IT was very disappointing to read that Edinburgh Airport is now the most expensive place to park outside of London (News, November 14). Having to pay as much as £2.90 to park for 15 minutes is surely impossible to defend.
And yet an airport spokesman said they “only have a finite amount of car parking spaces available”.
In an era of competition for tourist and business pounds which are being more closely guarded than ever as costs go up, the airport sounds like it is making feeble excuses to increase profits.
Such complacency will give passengers plenty of reasons to take their business elsewhere.
Rather than put them off with rising costs, would it not be better to attract them with improved and extended facilities instead of more of the same for a bit extra cash?
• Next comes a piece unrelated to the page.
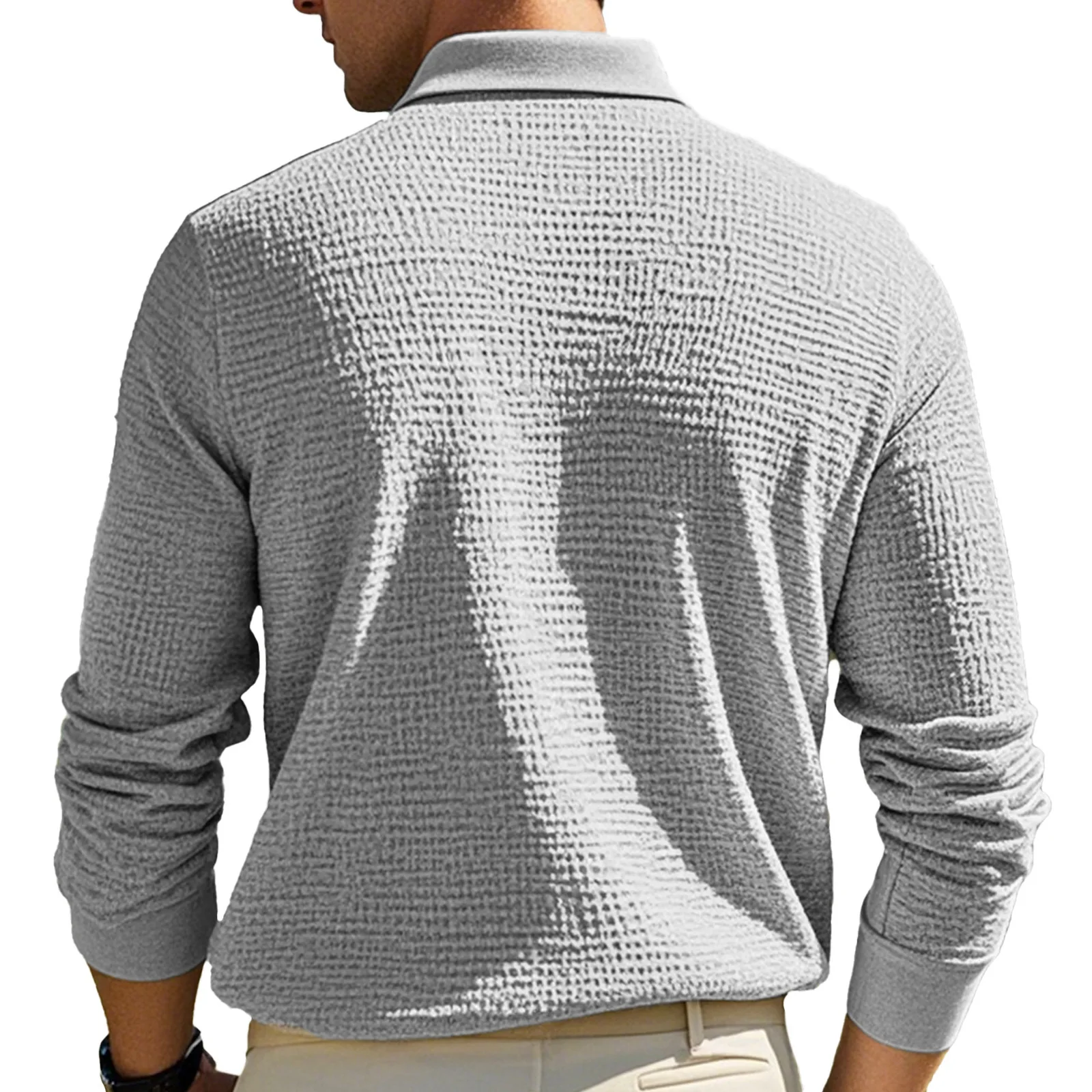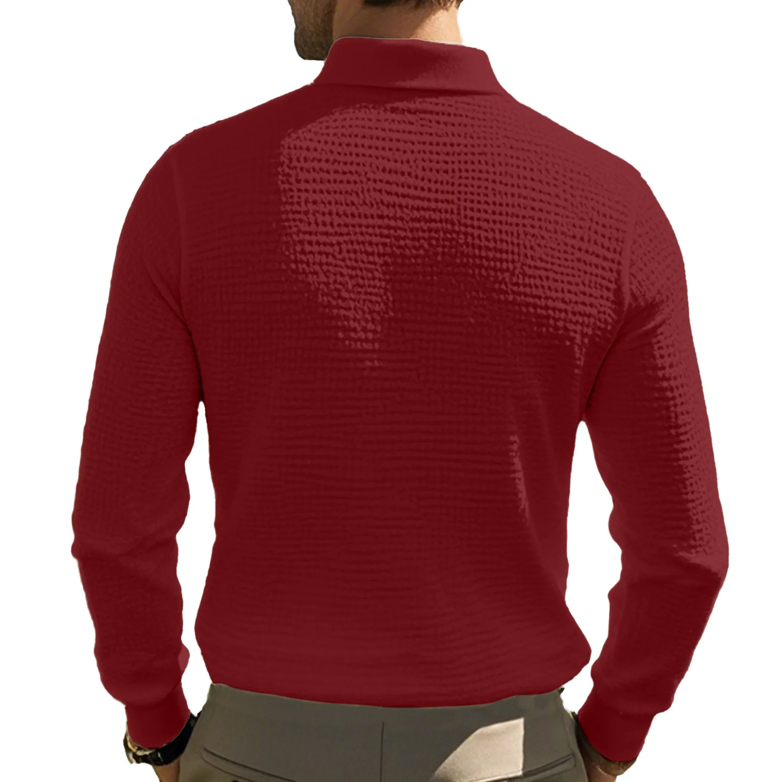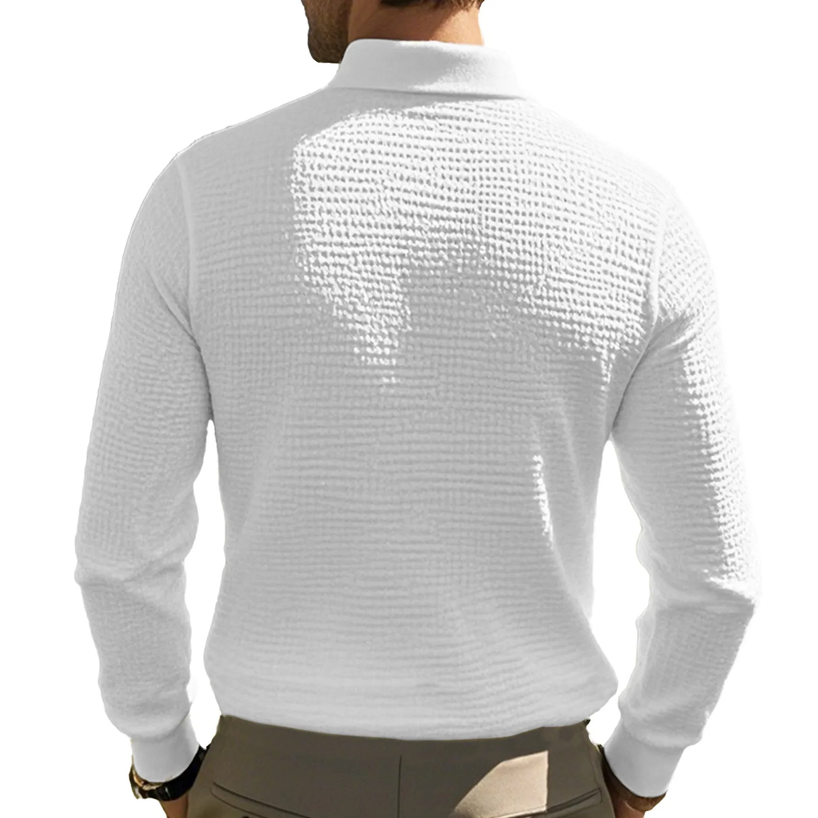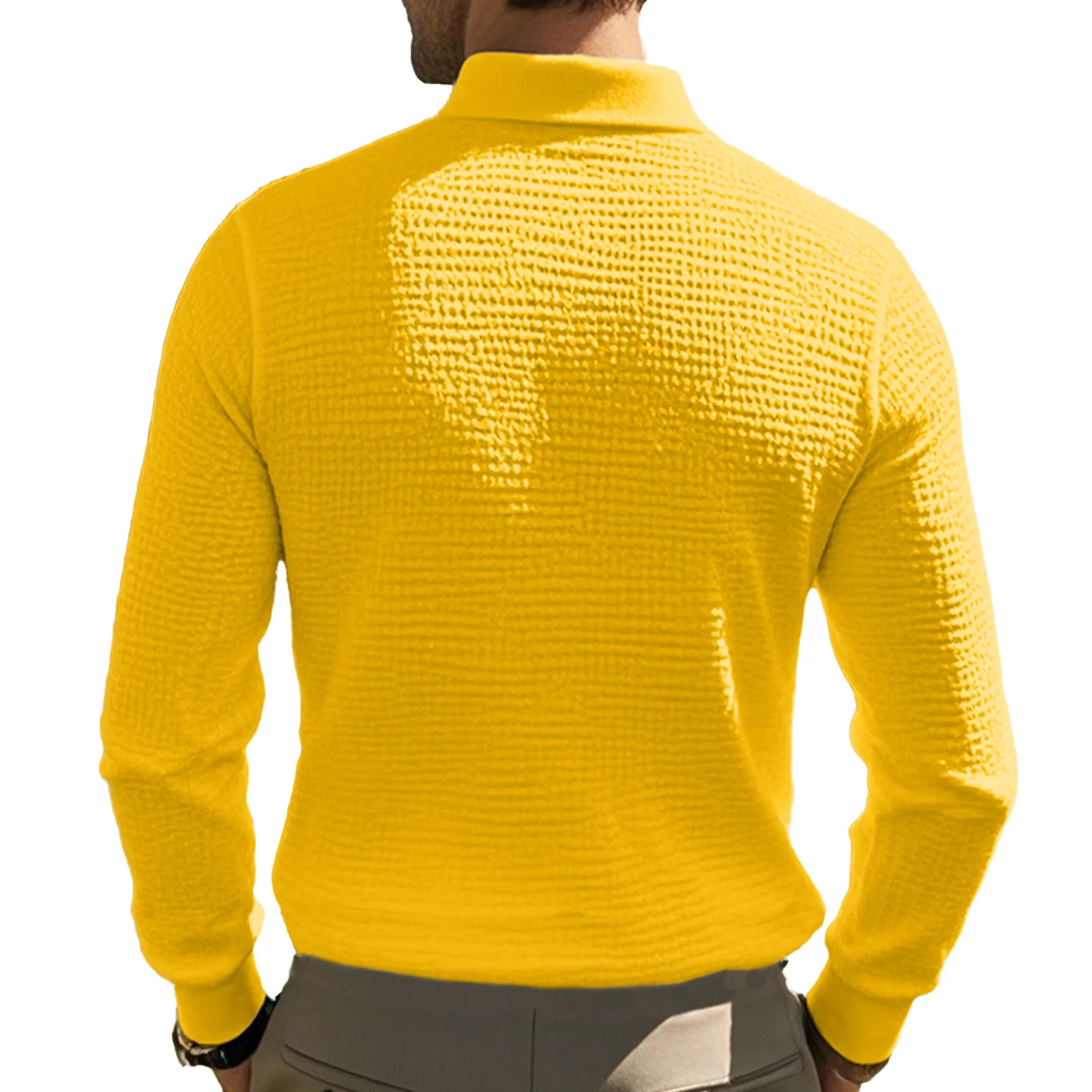 قميص بولو رجالي جديد عابر للحدود خريف وشتاء 2024 بأكمام طويلة وأزرار وياقة وافل

It has just been announced that there has been an increase in passengers and freight at Prestwick Airport, which is being bought by the Scottish Government.
Those of us in the east have limited choice if we want to use a convenient airport for our journeys. But visitors and business users from overseas or elsewhere in the UK can go somewhere else if it’s cheaper.
And if they like what they see, they will return there, at Edinburgh’s loss.
Wake up Edinburgh Airport and stop taking advantage of your customers. They might just fly off somewhere else.
Ken Welsh, Easter Road, Edinburgh
Illness doesn’t have regular hours
I READ that trials are taking place to give St John’s Hospital in Livingston more medical staff at weekends (News, November 14).
That’s not before time, as illness happens when it happens, not on a Monday to Friday nine-to-five basis.
I wonder how many people lose their lives or see their health deteriorate at a higher late than necessary because they have had the bad luck to take ill at the weekend or “out of hours”.
It’s time that the National Health Service put the emphasis in hospitals on care rather than satisfying budget demands.
Illness keeps no regular hours, and neither should healthcare staff if they are to give the best chance to patients.
Kate Colquhoun, Northfield, Edinburgh
Different rule for the posh-boy cabinet
DAVID Cameron says if he gets his way, spending cuts will be here to stay. Perhaps he should tell that to his millionaire coalition pals, who are paying their energy bills through taxpayer-funded expenses, when they can afford to pay for themselves.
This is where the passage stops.